The generated codes is

#![feature(prelude_import)]
#![cfg(test)]
#[prelude_import]
use std::prelude::rust_2021::*;
#[macro_use]
extern crate std;
use epserde::prelude::*;
enum Data {
    A,
}
#[automatically_derived]
impl epserde::traits::CopyType for Data {
    type Copy = epserde::traits::Deep;
}
#[automatically_derived]
impl epserde::ser::SerializeInner for Data {
    const IS_ZERO_COPY: bool = false;
    const ZERO_COPY_MISMATCH: bool = !false;
    #[inline(always)]
    fn _serialize_inner(
        &self,
        backend: &mut impl epserde::ser::WriteWithNames,
    ) -> epserde::ser::Result<()> {
        epserde::ser::helpers::check_mismatch::<Self>();
        match self {
            Self::A => {
                backend.write("tag", &0usize)?;
            }
        }
        Ok(())
    }
}
#[automatically_derived]
impl epserde::deser::DeserializeInner for Data {
    fn _deserialize_full_inner(
        backend: &mut impl epserde::deser::ReadWithPos,
    ) -> core::result::Result<Self, epserde::deser::Error> {
        use epserde::deser::DeserializeInner;
        match usize::deserialize_full(backend)? {
            0usize => Ok(Self::A {}),
            tag => Err(epserde::deser::Error::InvalidTag(tag)),
        }
    }
    type DeserType<'epserde_desertype> = Data;
    fn _deserialize_eps_inner<'a>(
        backend: &mut epserde::deser::SliceWithPos<'a>,
    ) -> core::result::Result<Self::DeserType<'a>, epserde::deser::Error> {
        use epserde::deser::DeserializeInner;
        match usize::deserialize_full(backend)? {
            0usize => Ok(Self::DeserType::<'_>::A {}),
            tag => Err(epserde::deser::Error::InvalidTag(tag)),
        }
    }
}

The problem is with the two structure creation expressions after 0usize => .
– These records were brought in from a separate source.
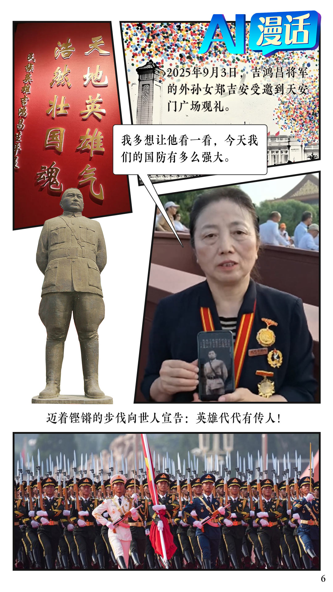 AI漫话2025年9月3日,抗日英雄、爱国将领吉鸿昌的外孙女郑吉安受邀参加阅兵观礼。她特意带上外祖父吉鸿昌的照片,和“他”一同见证山河无恙,盛世如愿。
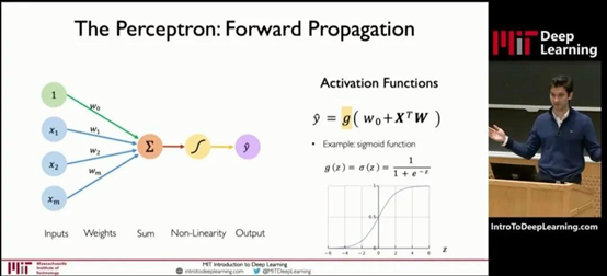 这张图是深度学习模型中一个神经元的结构图。神经元的处理过程,其实就是一个函数计算过程。算式中,x是输入,y是输出。预训练,就是通过x和y,求解W。W是算式中的“权重(weights)”。权重决定了输入特征对模型输出的影响程度。通过反复训练来获得权重,这就是训练的意义。权重是最主要的参数类别之一。除了权重之外,还有另一个重要的参数类别——偏置(biases)。
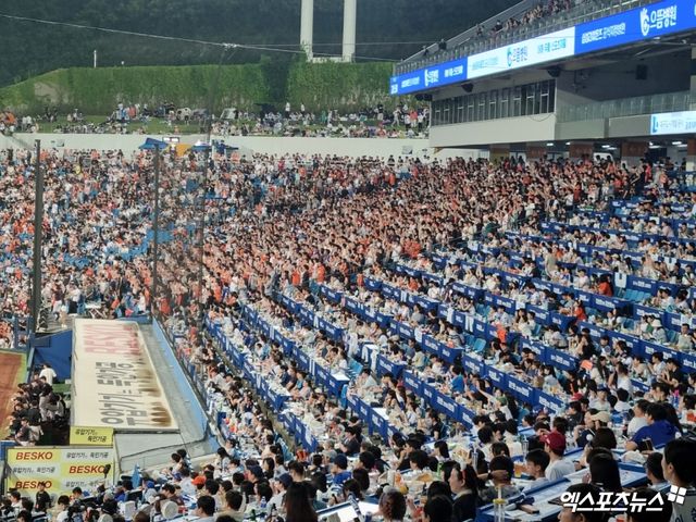 이날 삼성 구단이 집계한 입장 관중 수는 총 18,151명. 홈 팬들이 관중석 곳곳을 채운 가운데서도 1루 원정석은 오랜지색 물결로 뒤덮였다. 8연승 도전 그리고 팀의 상승세를 직접 눈으로 확인하고 싶은 한화 팬들이 전국에서 몰려들어 라이온즈파크를 방문, 선수들에게 응원을 보냈다. 이날 중계에선 대전은 물론 동두천 등 먼 곳에서도 한화를 지지하기 위해 찾은 팬들이 눈에 띄었다.
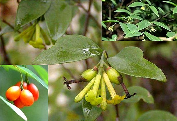 小灌木,高1~2米。树皮粗糙,小枝细瘦,披散,红褐色,无毛。叶对生,膜质至纸质,卵形或卵状椭圆形至卵状披针形,长2.5~8.5厘米,宽1.5~2.5(~4)厘米,先端长渐尖,基部楔形或近圆形,上面深绿色,无毛,下面淡绿色,被白粉,叶脉在下面隆起,明显;叶柄长0.1~0.2厘米。花黄绿色,4~8朵组成顶生近头状的总状花序,总花梗极纤细,下垂,无毛,长5~15毫米;花被筒状,长12~13毫米;无毛,裂片4,钝头;雄蕊8,2轮;花盘深裂成4枚方形鳞片;子房倒卵形,无毛。果椭圆形,熟时深红色。
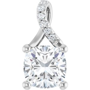 14K White Gold 7 mm Cushion Pendant Mounting
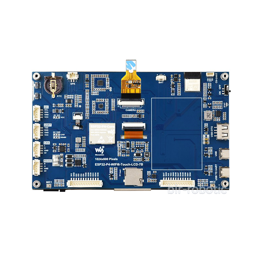 برد توسعه ESP32-P4-WIFI6 با نمایشگر 7 اینچ مبتنی بر ESP32-P4 و ESP32-C6 با رزولوشن 1024×600 و Wi-Fi 6 است. دارای حافظه 32MB، رابط‌های RS485/CAN، قابلیت پردازش تصویر H264 و دوربین OV5647 (در مدل C)، مناسب برای سیستم‌های امنیتی و کنترل صنعتی می‌باشد.
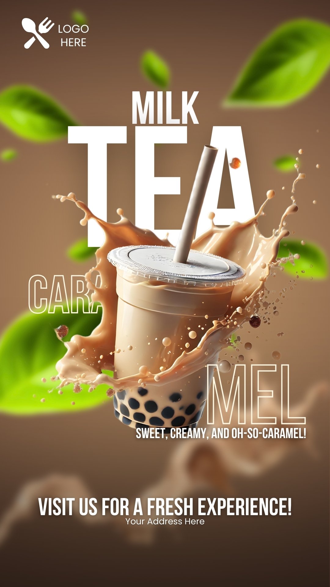 Sweet Creamy Caramel Milk Tea Digital Canva Template โ Customizable & Perfect for Your Brand ๐นโจ
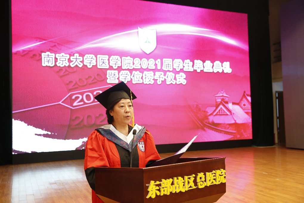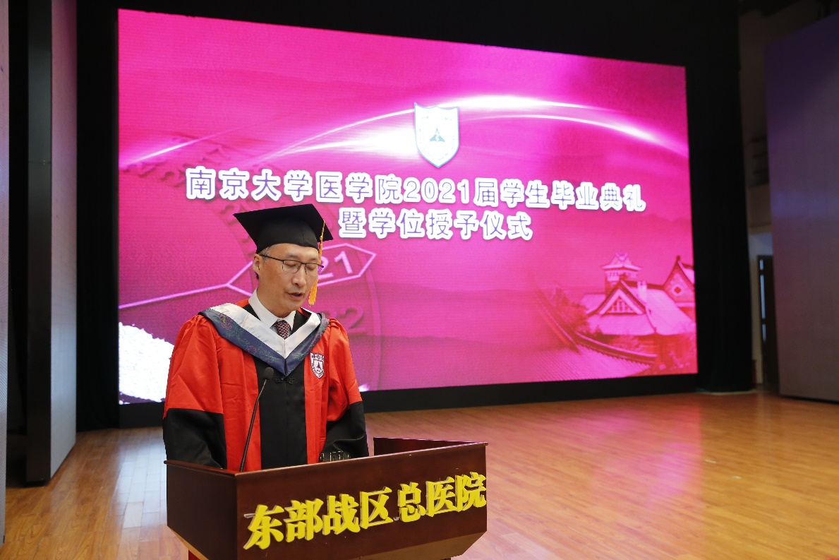 南京大学党委常委、副校长、医学院院长张峻峰在致辞中指出,今年是建党百年华诞,在南京大学119年的的发展历程中,在每一次重大考验面前,诚朴雄伟的南大人总是怀着对国家和民族高度的责任感,挺立风骨、坚守担当,努力在危机中育新机、于变局中开新局。张校长分享三点期待:一、大医精诚,在选择中坚守初心。希望同学们保持南京大学这座百年学府赋予大家的人文情怀,做一个有仁心大爱、有责任担当的好医生和医学工作者。二、求真务实,在历练中增长才干。同学们要在担当中历练,在工作中成长,在只争朝夕、不负韶华的拼搏奋斗中成就非凡的人生。三、胸怀天下,在奋斗中书写青春中国。责任在肩,使命在前,同学们当厚植国家情怀,努力实现个人成长与民族国家发展同频共振。张校长关心每一位毕业生,希望大家常回家看看!
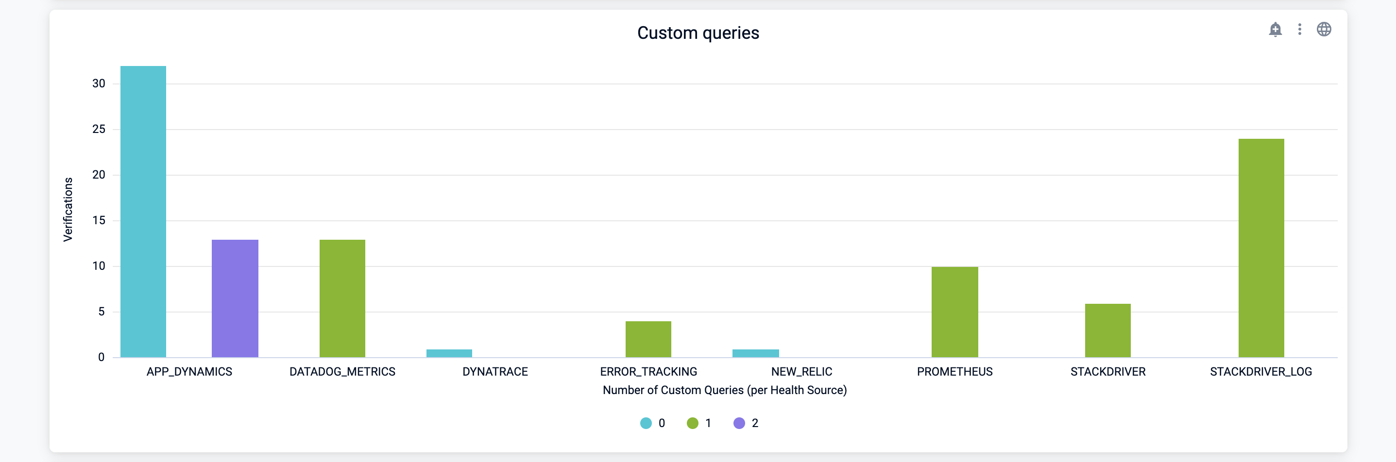 • Custom queries: Bar graph that breaks down custom queries on a per health source basis.
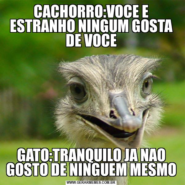 CACHORRO:VOCE E ESTRANHO NINGUM GOSTA DE VOCE GATO:TRANQUILO JA NAO GOSTO DE NINGUEM MESMO
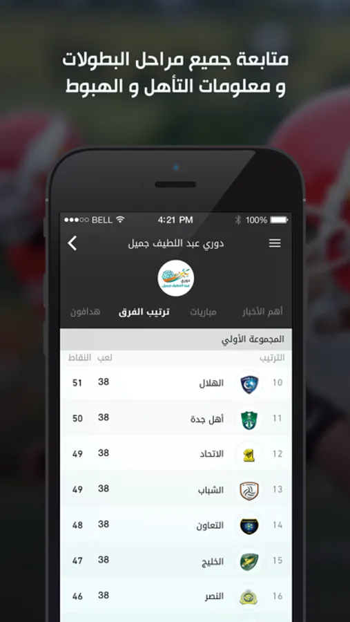 متابعة جميع مراحل البطولات بسهولة تامة. يمكنك عرض ترتيب فرق الدوريات، و مراحل المجموعات و التصفيات و معلومات التأهل و الهبوط، جدول مباريات الدوريات و البطولات
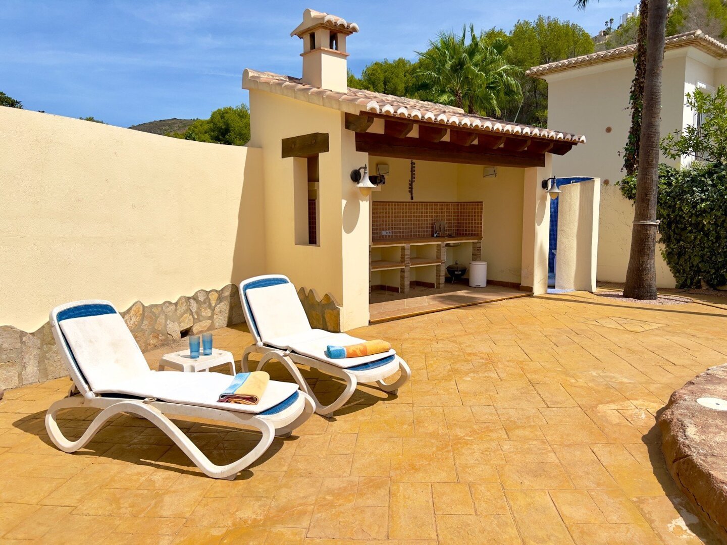 This inviting traditional villa with five bedrooms offers the perfect setting for Mediterranean living. With its generous layout, the living spaces flow seamlessly onto the outdoor terraces, where you can relax with family and friends while enjoying uninterrupted panoramic views over the valley and the sea. The property is situated in the quiet Arnella neighbourhood of Moraira, just a few minutes’ drive from the Blue Flag beach of El Portet, local amenities, and Moraira’s lively town centre.
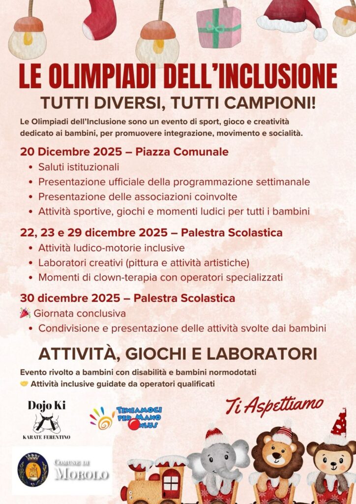 Una domenica all’insegna dell’inclusione, dello sport e della solidarietà. Il Comune di Morolo, in collaborazione con l’ASD Dojo Ki Karate Ferentino, si prepara ad accogliere cittadini, famiglie e ospiti per le Olimpiadi dell’Inclusione, un evento che celebra le differenze come una vera forza e che trasforma la piazza in un luogo di incontro, festa e condivisione.
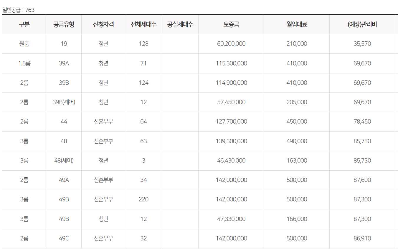 임대보증금 및 월 임대료는 입주자 모집공고일 기준으로 보증금 최대 전환 시 변동될 수 있습니다.
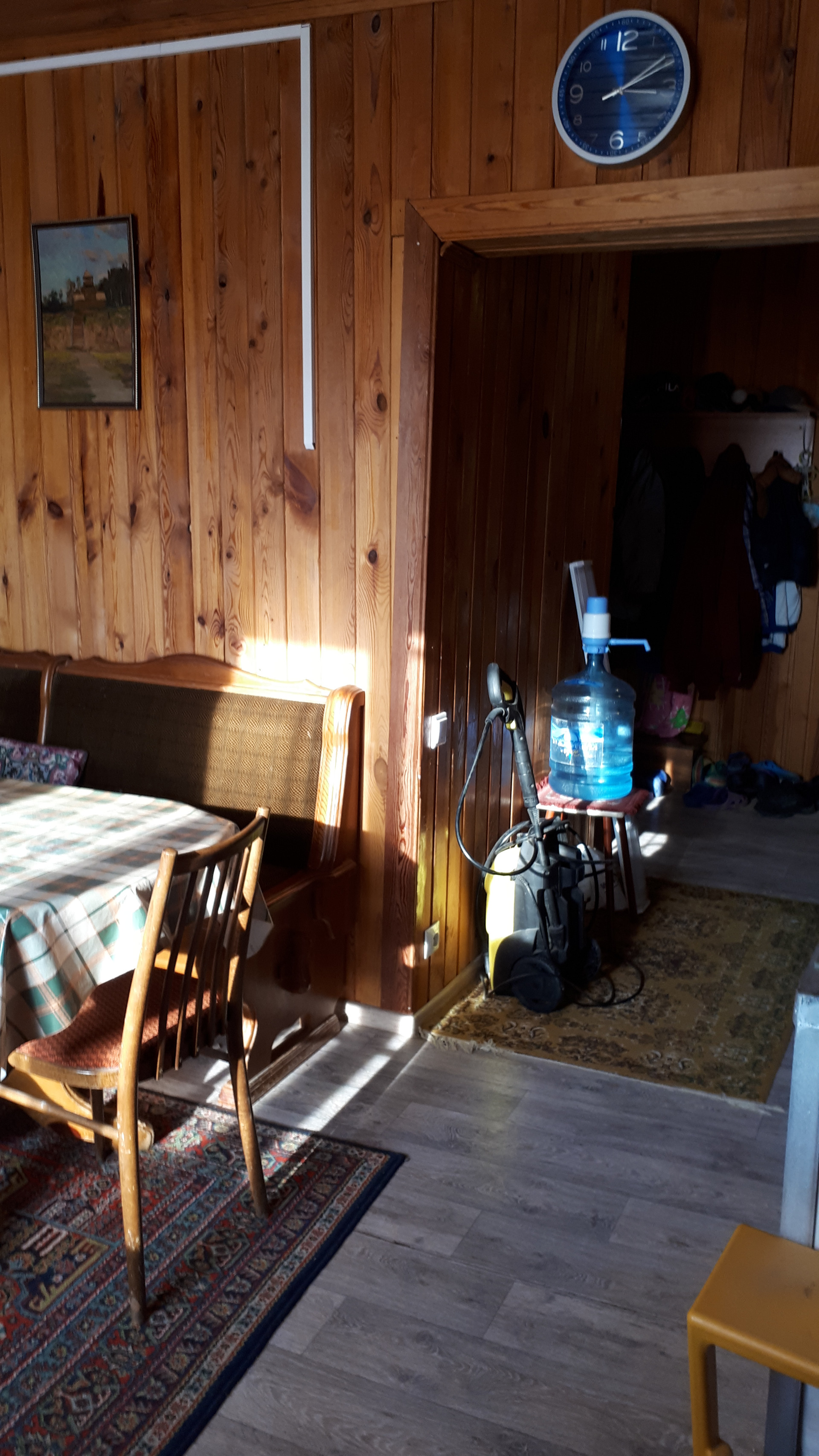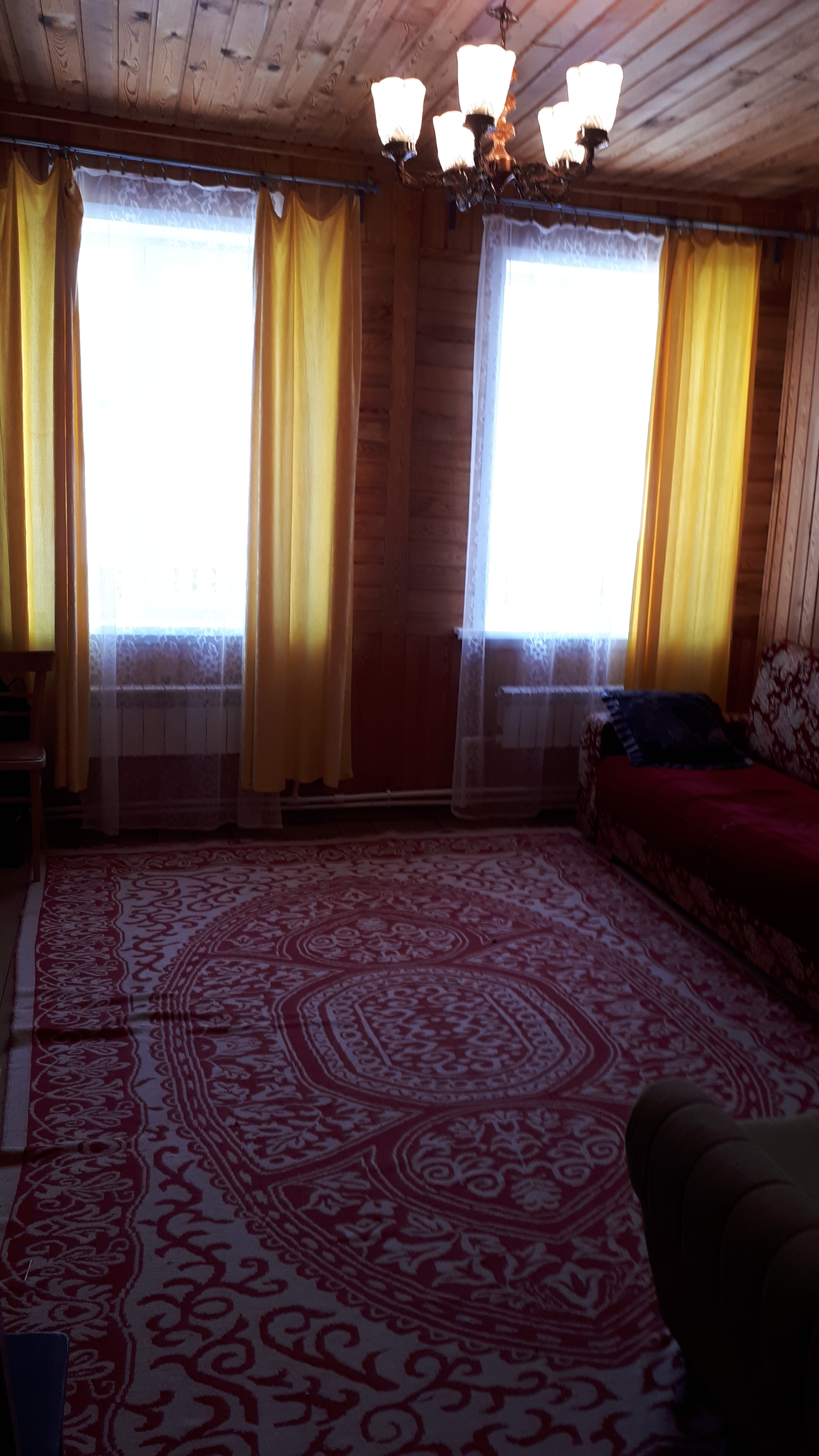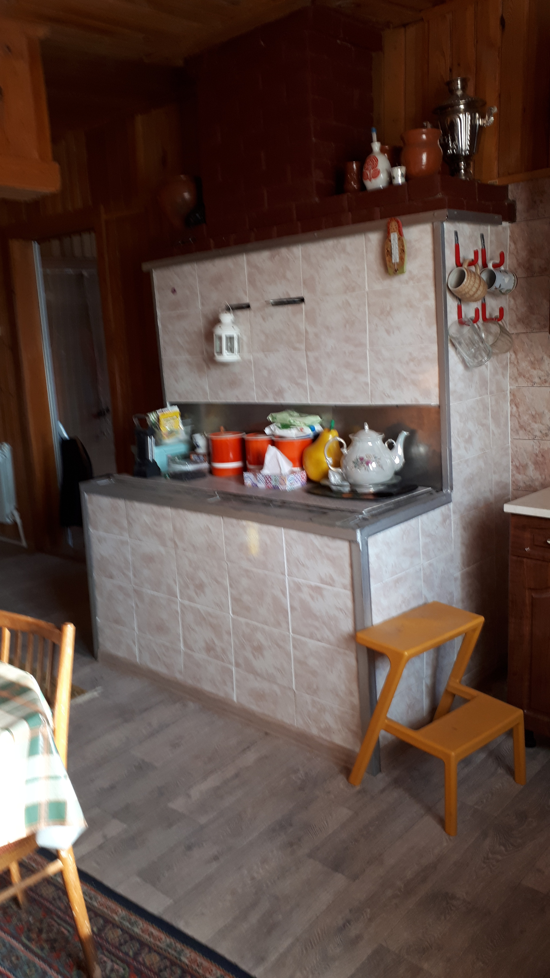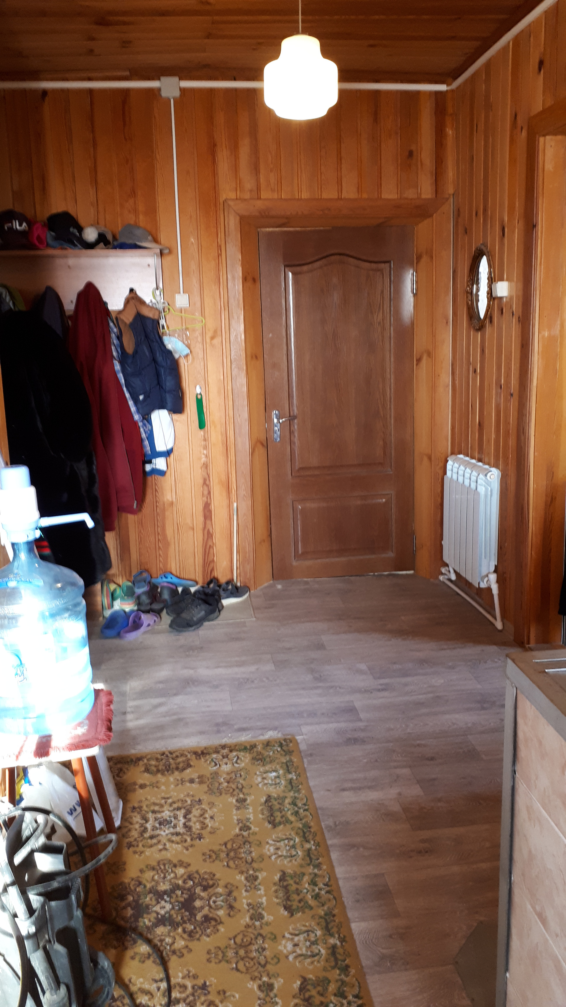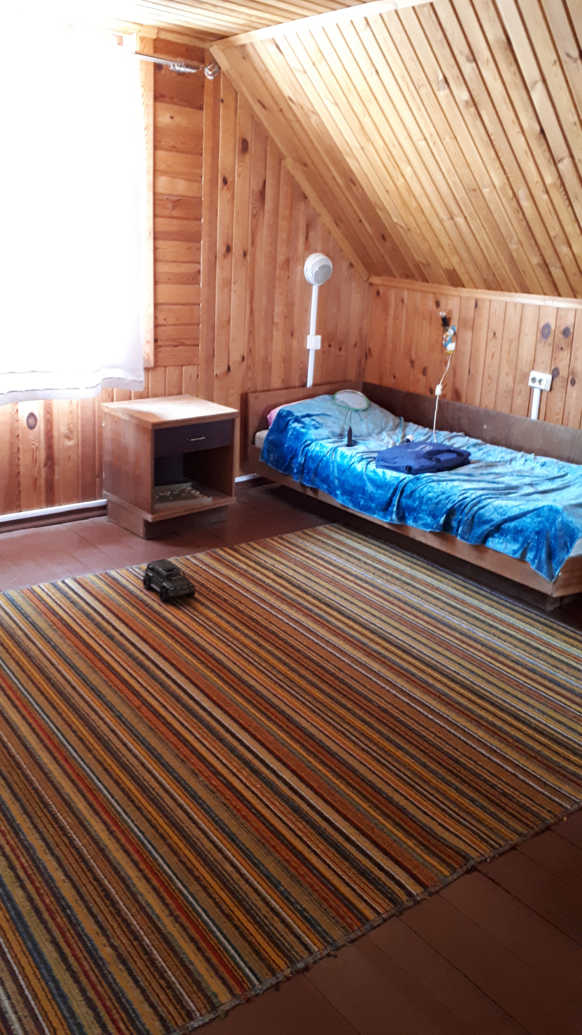 Сам дом очень функционально построен: от входа можно спуститься через хозблок в огород и к бане, в гараж, в помещение для хранения инвентаря, котельную или подняться по нескольким ступенькам в дом, на 1 этаже которого расположена очень просторная кухня-столовая, на которой может разместиться  большая семья или дорогие гости, кухня оборудована плитой, посудомоечной машиной, холодильником и даже есть рабочая кирпичная печь с большой плитой , гостинная с настоящим дровяным камином, из гостинной вход с спальную комнату. Все окна на 1 этаже заменены на стеклопакеты, Так же на 1 этаже  над гаражом расположена просторная летняя комната, в которую тоже можно при необходимости провести отопление. На втором мансардном этаже большая спальная комната для детей, она тоже обшита вагонкой и окна в ней деревянные, там хорошо дышится и спится .

Great. Now start making your macro simpler. For example: convert it from a derive macro into a function-like macro, so it doesn't require a struct as input. Stop emitting an impl; just emit functions. Remove the use epserde:: — since this is a syntax error, you don't need the produced code to be valid any more than syntactically.

Make your large macro smaller by all possible means, not just reasonable ones that fit your original use-case. At the end of this process, if you actually follow it to the end, you will have something with which you can obtain understanding (or a bug report).

If you are trying to make integers into field names, you have to use Index, not a number literal. I don't know if you are already doing this, but it's a common mistake.

1 Like

I think we're doing so: var_fields_vars.push(syn::Index::from(field_idx));.

On the other hand, a wrong type of token world explain everything. I think you're right.

Valentin Lorentz found the solution: the problem is in the lines

variant_full_des.push(quote!{ {} });
variant_eps_des.push(quote!{  {} });

which should be

variant_full_des.push(quote!{});
variant_eps_des.push(quote!{});

The result of cargo expand in both cases is character-by-character the same, but clearly the generated token must be different.

It is actually a cargo-expand problem.

Printing the ouput of our quote! using eprintln!, one sees clearly the problem—A { {} }. For some reason, cargo expand turns this into A {}, making impossible to diagnose the problem.

UPDATE: After opening an issue, David Tolnay noticed that the same happens with cargo rustc -- -Zunpretty=expanded, so it's not a specific cargo-expand problem.

4 Likes

This topic was automatically closed 90 days after the last reply. We invite you to open a new topic if you have further questions or comments.